On June 27, 2015, the second shoe from the collaboration, the Yeezy Boost 350 was made available through a worldwide release. The Yeezy Boost 350 marked an entry into "primeknit" technology, utilizing flat knitting machinery amalgamated with synthetic yarns. A preliminary version was made of a combination of petroleum-based ethylene-vinyl acetate (EVA) and foam generated from algae. In October 2015, Footwear News recognized the Yeezy Boost 350 with its Shoe of the Year award. In August 2016, GQ recognized Yeezy Boost 350 as the most influential shoe of the year.
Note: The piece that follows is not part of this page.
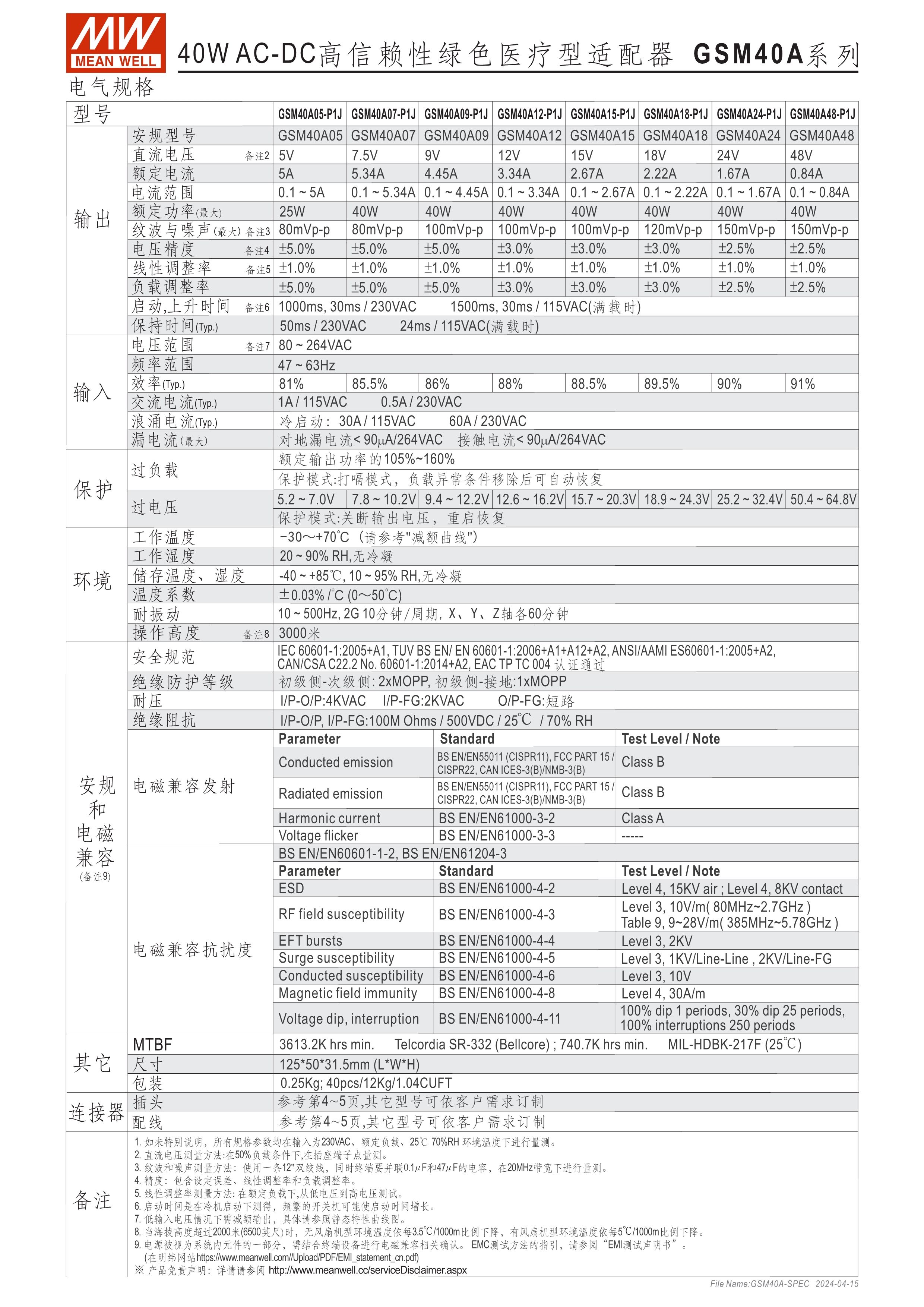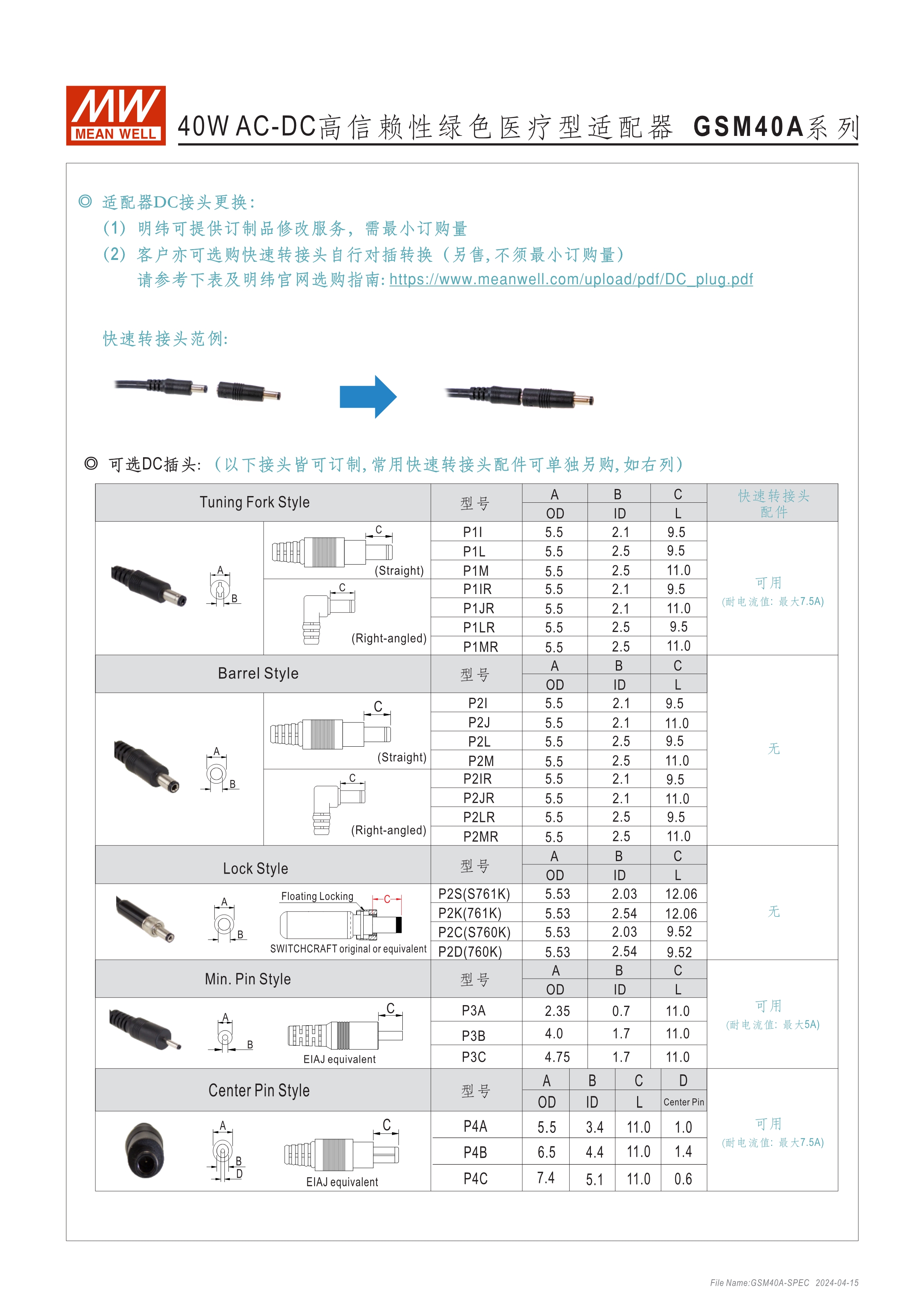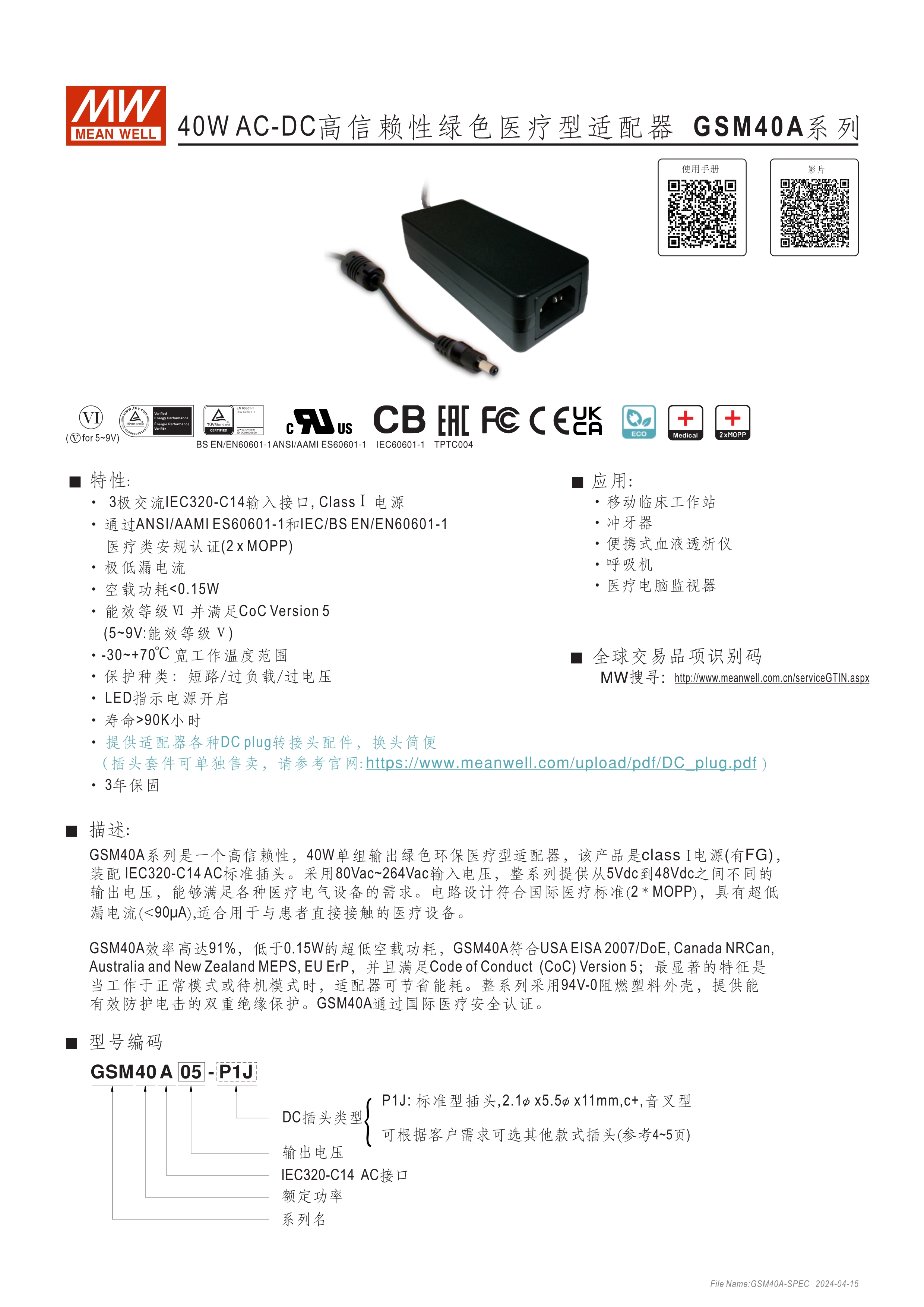 通過(guò)醫(yī)療60601-1認(rèn)證(2xMOPP),BF應(yīng)用(僅B型) 能效 VI 級(jí) 空載損耗<0.1W~0.15W 符合EISA/DoE、NRCan、ErP 及CoC Version 5 A型:Class I 電源(有接地PIN),IEC 320-C14接口 B型:Class II 電源(無(wú)接地PIN),IEC 320-C8接口 極端漏電流<50~175uA(依型號(hào)) -30~+70℃工作溫度 多種DC輸出轉(zhuǎn)接頭可更換 3年保固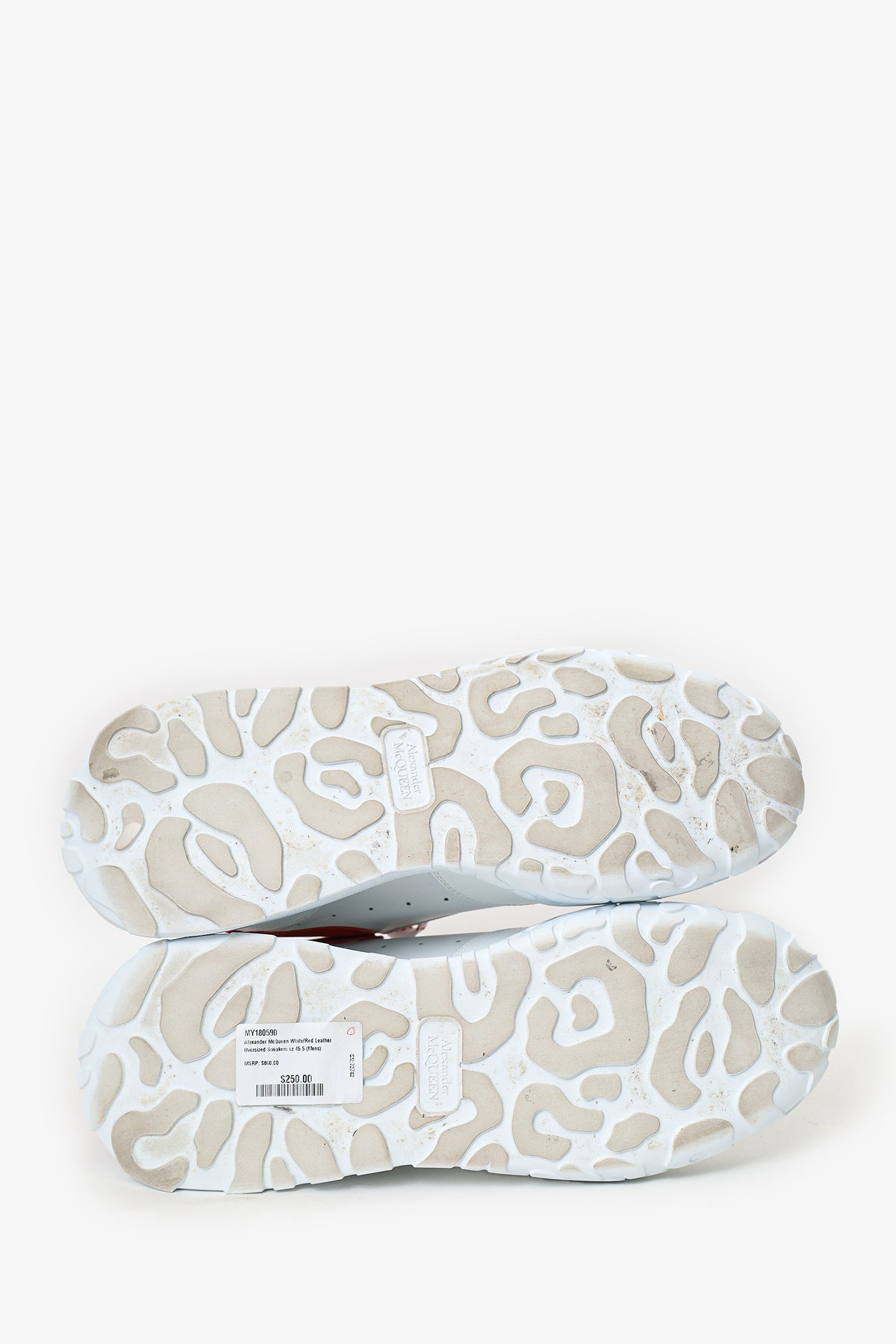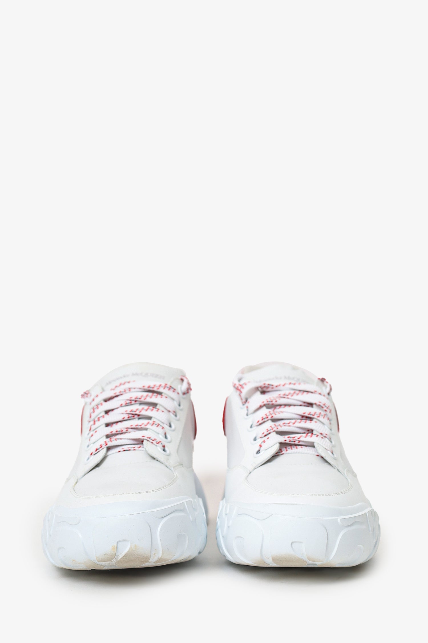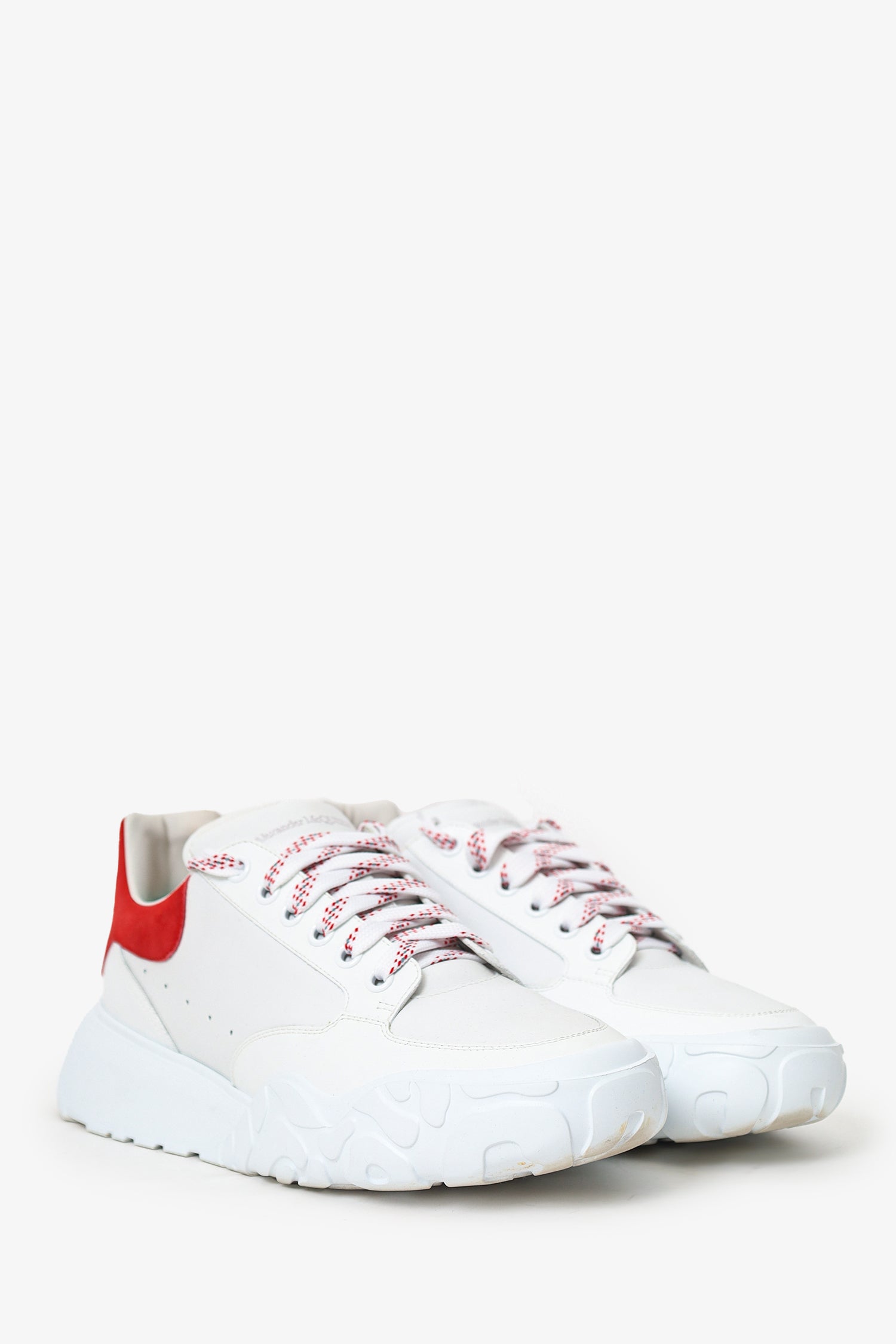 Refresh availabilityAlexander McQueen White/Red Leather Oversized Sneakers. Slip-on. Round toe. Front lace-up closure. Tonal stitching.

On September 24, 2016, a second version of the shoe, known as Yeezy Boost 350 V2, debuted in a colorway called "Beluga".

Yeezy 950
The Yeezy 950 was first released on October 29, 2015 at select retail stores and online.  It was part of the Yeezy season 1 collection and came in four different colorways: Peyote, Moonrock, Chocolate, and Pirate black. Each shoe was retailed at $399. The Adidas Yeezy 950 extended the partnership outside of the sneaker space with its military-inspired design.

Yeezy 350 Cleat
The Adidas Yeezy 350 Football Boost cleat was for football and it had made its first appearance in a 2016 NFL kickoff game. Texans wide receiver DeAndre Hopkins was fined $6,000 for wearing the cleats because they broke the NFL uniform policy by not having a solid base color.

Yeezy Powerphase Calabasas
The Adidas Powerphase Calabasas was released on March 28, 2017. "The retro sneakers are an update of an Adidas trainer from the '80s. They feature a premium white leather upper with perforated stripes, green Adidas branding, and a red Trefoil logo." A tonal grey colorway released globally on December 9, 2017 for a retail price of $120; a "Core Black" colorway released shortly after on March 17, 2018. After the initial three colorways of the Yeezy Powerphase Calabasas, Adidas continued releasing several Powerphase models without the Yeezy Calabasas branding. Adidas then brought back the 1980s Adidas Trainer model that is "Yeezy-inspired".

Yeezy Boost 700
The Adidas Yeezy Boost 700 debuted during the Yeezy Season 5 fashion show in 2017. The shoe was released on August 12, 2017, for $300, exclusively via Yeezy Supply. At the time, two colorways of white/gum and black were also expected to release in 2018.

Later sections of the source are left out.